WORK TO BE COMPLETED: Transcribe the listing that follows in full, omitting pictures.

STORED DATA:
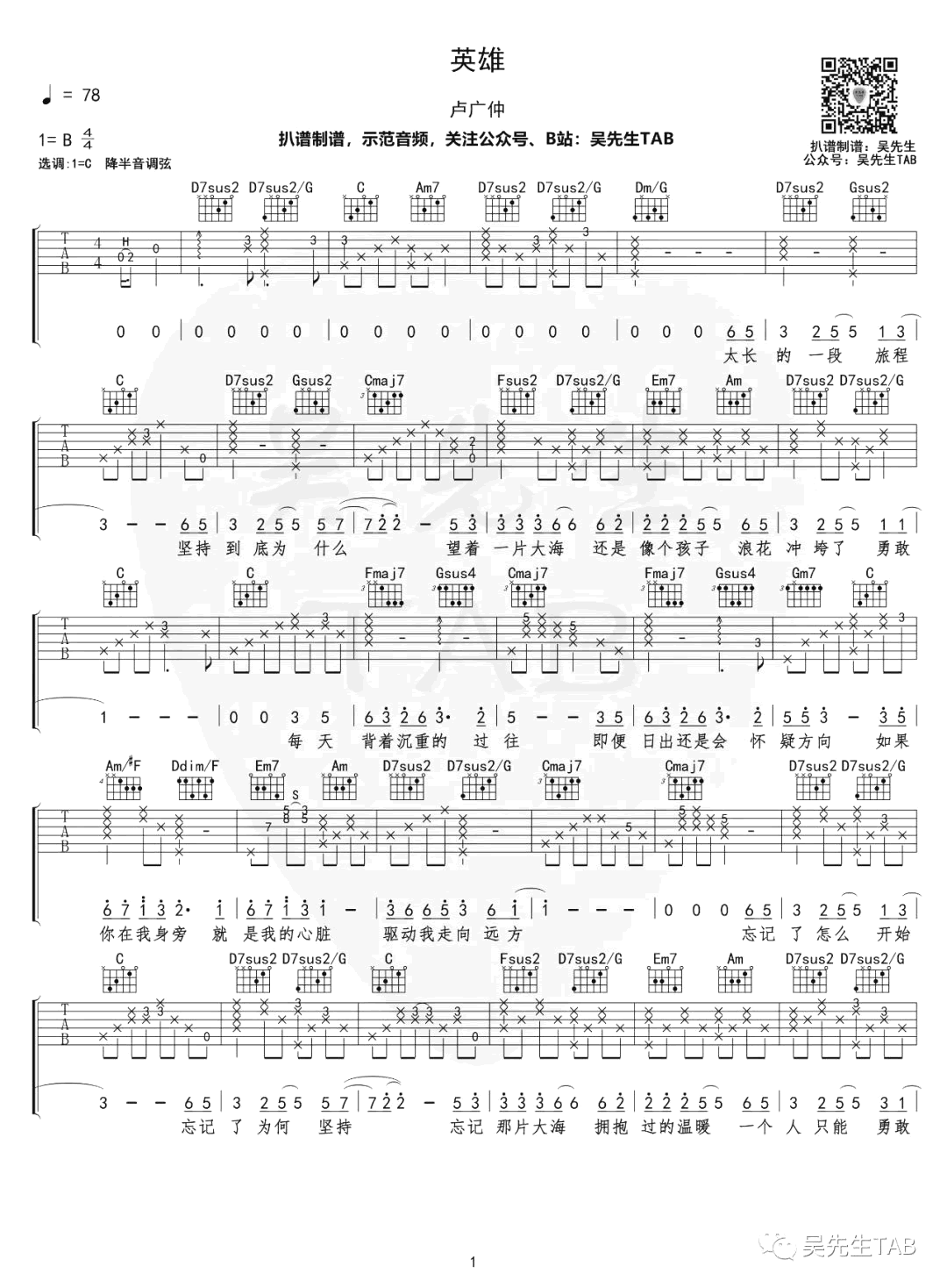 英雄吉他谱,卢广仲演唱,动画电影《诸葛四郎-英雄的英雄》主题曲。英雄吉他弹唱六线谱,原调B,选调G,降半音调弦,两张弹图片谱。感谢吴先生TAB制谱分享,易唱网更新上传。这是关于你我一段旅程、为怀疑生活的人们温暖打气的歌曲。在成长的路途我们背负厚重的行囊前行,等待着前方微弱但充满希望的的曙光, 做自己的英雄,继续努力坚强。
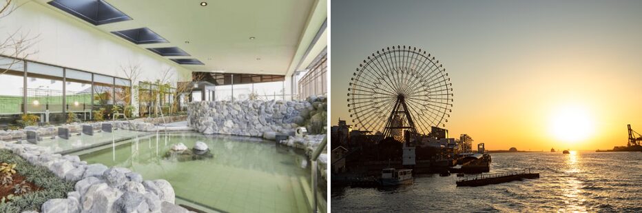 りんくうプレジャータウンシークル内にある温浴施設へ。岩塩風呂や露天風呂で足を伸ばし、海風を感じながら極上のリラックスタイム。
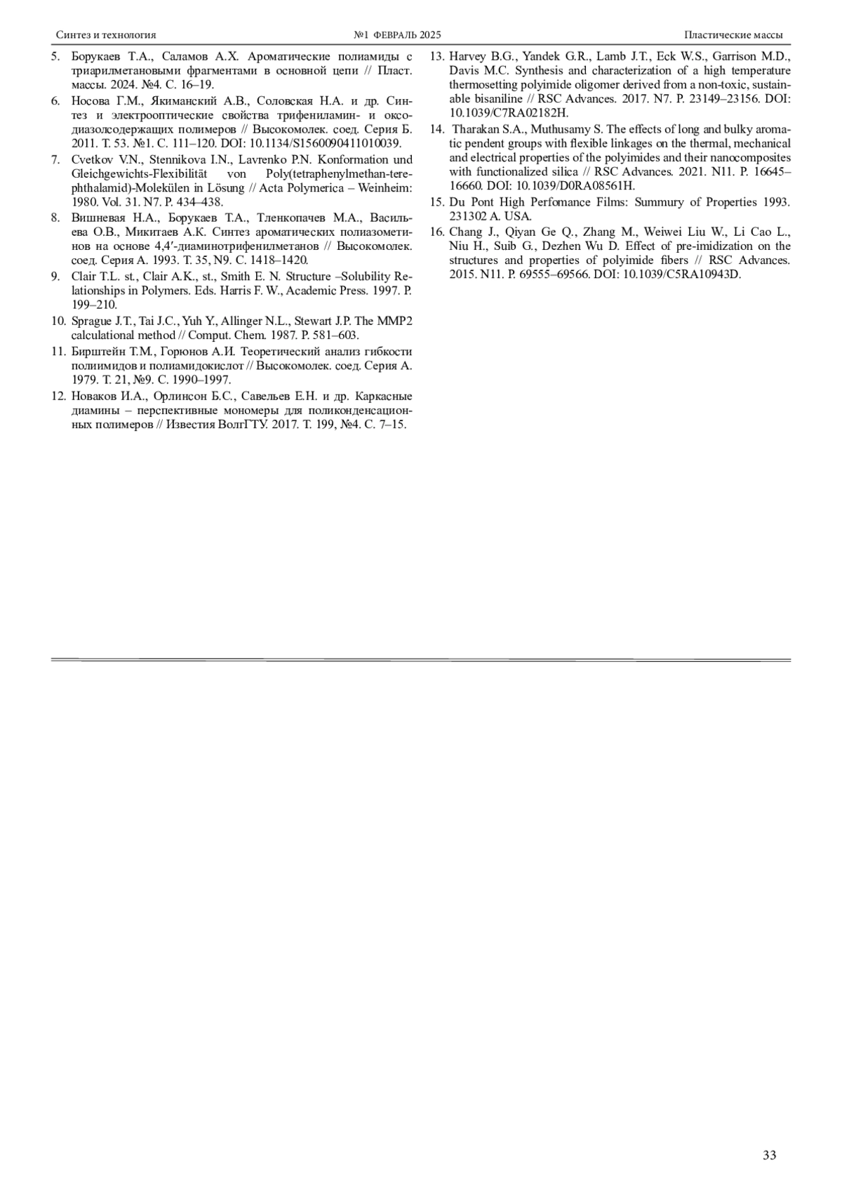 13. Harvey B.G., Yandek G.R., Lamb J.T., Eck W.S., Garrison M.D., Davis M.C. Synthesis and characterization of a high temperature thermosetting polyimide oligomer derived from a non-toxic, sustainable bisaniline // RSC Advances. 2017. N7. P. 23149-23156. DOI: 10.1039/С7RA02182H.

SOLVED EXERCISE:
 英雄吉他谱,卢广仲演唱,动画电影《诸葛四郎-英雄的英雄》主题曲。英雄吉他弹唱六线谱,原调B,选调G,降半音调弦,两张弹图片谱。感谢吴先生TAB制谱分享,易唱网更新上传。这是关于你我一段旅程、为怀疑生活的人们温暖打气的歌曲。在成长的路途我们背负厚重的行囊前行,等待着前方微弱但充满希望的的曙光, 做自己的英雄,继续努力坚强。
 りんくうプレジャータウンシークル内にある温浴施設へ。岩塩風呂や露天風呂で足を伸ばし、海風を感じながら極上のリラックスタイム。
 13. Harvey B.G., Yandek G.R., Lamb J.T., Eck W.S., Garrison M.D., Davis M.C. Synthesis and characterization of a high temperature thermosetting polyimide oligomer derived from a non-toxic, sustainable bisaniline // RSC Advances. 2017. N7. P. 23149-23156. DOI: 10.1039/С7RA02182H.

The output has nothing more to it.